Records for this task
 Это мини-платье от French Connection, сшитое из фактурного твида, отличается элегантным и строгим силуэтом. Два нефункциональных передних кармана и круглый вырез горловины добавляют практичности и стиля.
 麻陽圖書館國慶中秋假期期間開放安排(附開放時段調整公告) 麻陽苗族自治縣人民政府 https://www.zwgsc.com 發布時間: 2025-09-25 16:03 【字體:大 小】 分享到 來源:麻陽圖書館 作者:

--

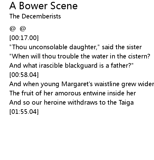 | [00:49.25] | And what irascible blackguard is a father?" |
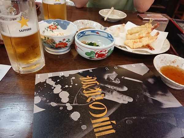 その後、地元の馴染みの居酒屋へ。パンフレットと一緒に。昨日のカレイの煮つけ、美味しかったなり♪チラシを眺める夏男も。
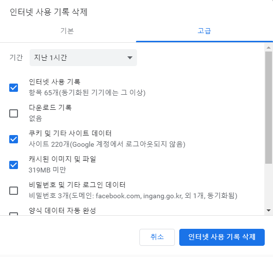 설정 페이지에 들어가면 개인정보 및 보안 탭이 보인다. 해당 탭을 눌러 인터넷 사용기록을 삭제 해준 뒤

About this task
Of the lines above, extract only those from the line with "Это мини-платье от" to the line with "麻陽圖書館國慶中秋假期期間開放安排(附開放時段調整公告) 麻陽苗族自治縣人民政府 https://www.zwgsc.com", both included, exactly as written.

Exercise result
 Это мини-платье от French Connection, сшитое из фактурного твида, отличается элегантным и строгим силуэтом. Два нефункциональных передних кармана и круглый вырез горловины добавляют практичности и стиля.
 麻陽圖書館國慶中秋假期期間開放安排(附開放時段調整公告) 麻陽苗族自治縣人民政府 https://www.zwgsc.com 發布時間: 2025-09-25 16:03 【字體:大 小】 分享到 來源:麻陽圖書館 作者:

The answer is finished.